We know a few people, Sputnik, but DH just says, "well, our standards are higher". Thanks for the reassurance. That's what I tell myself. And I know that these early years pass so quickly. I'll be wanting them back, probably, in years to come...
franca - I didn't mean to imply that you shouldn't love the place; rather that, if it's overpriced, no-one will be willing to pay, so they can whistle for their overpriced asking price, but not get it, IYSWIM.

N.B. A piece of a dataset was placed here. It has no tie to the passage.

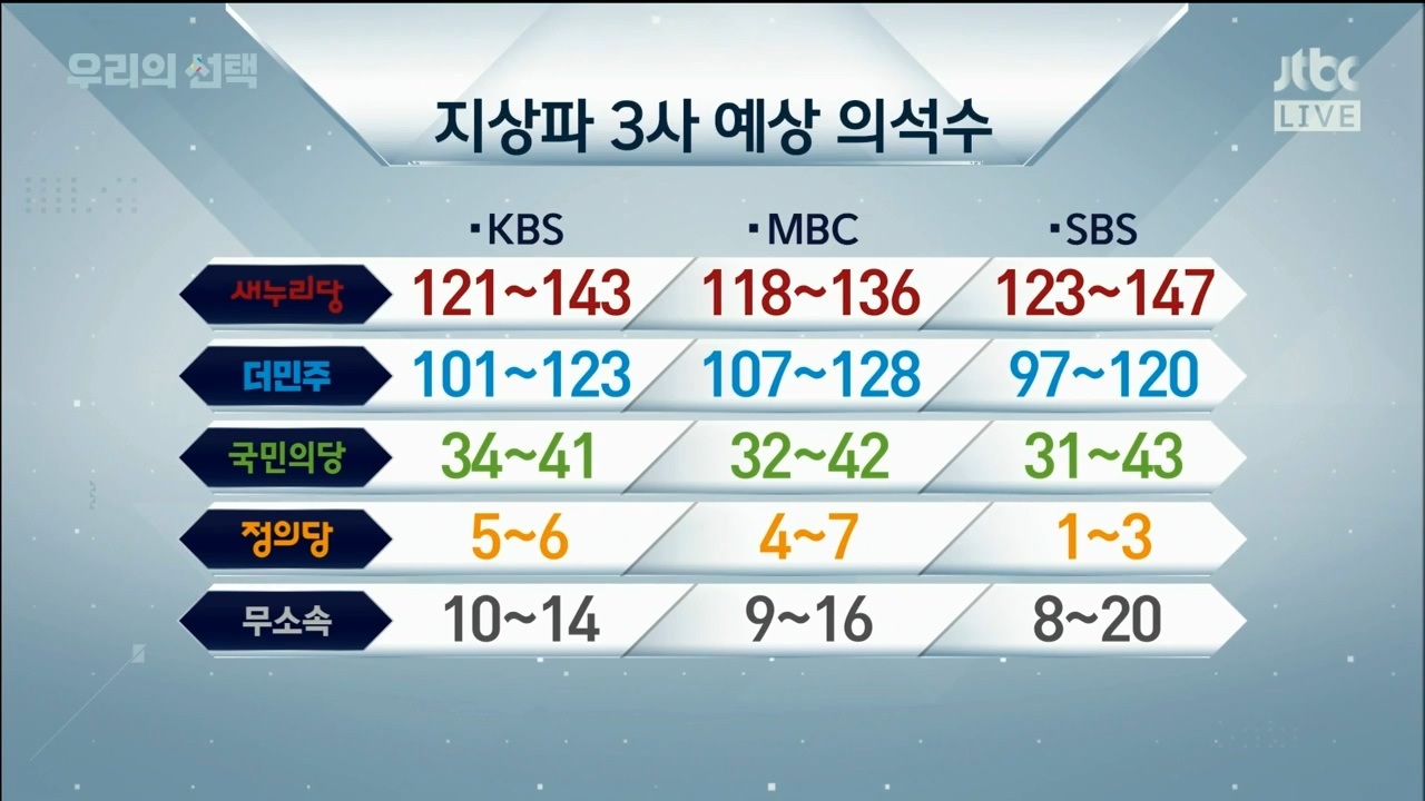 첨부한 사진은 JTBC에서 각 지상파 출구조사를 정리하여 송출한 화면 캡처입니다.
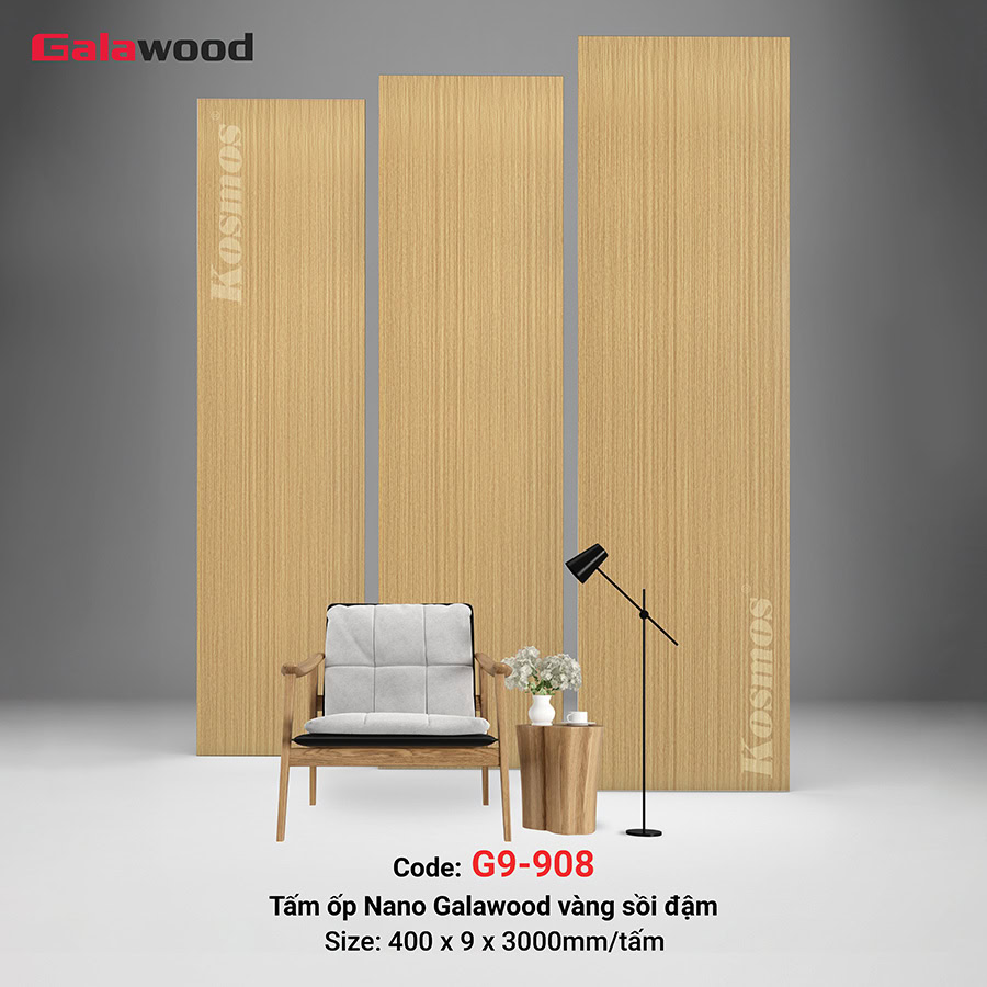 Tấm ốp Nano Galawood G9-908 màu vàng với vân gỗ đậm là một lựa chọn trang trí nội thất tinh tế và ấn tượng. Các thông tin sau đây sẽ giúp Quý Khách hiểu rõ hơn về sản phẩm này.

I couldn't sleep last night - brewing over DH's stubbornness - so I was reading Freakonomics, which I had resisted buying for ages, since it looked like popularising crap, etc., but finally I could no longer resist... Anyway. My snobby self was right. Everything I read made me think, "I could totally have figured this out for myself if I'd given it a moment's thought". Don't you hate that? The only thing the book gives me is the figures, percentages, etc. Sigh.
Oh, I finally bought Sophie's Choice, so I will read that asap, and we can discuss it. I'm a bit scared though, as am so hormonal still (e.g. cannot let myself think about those poor people and how terrified they must have been on that Brazil-France flight, etc.). I fear SC will traumatise me.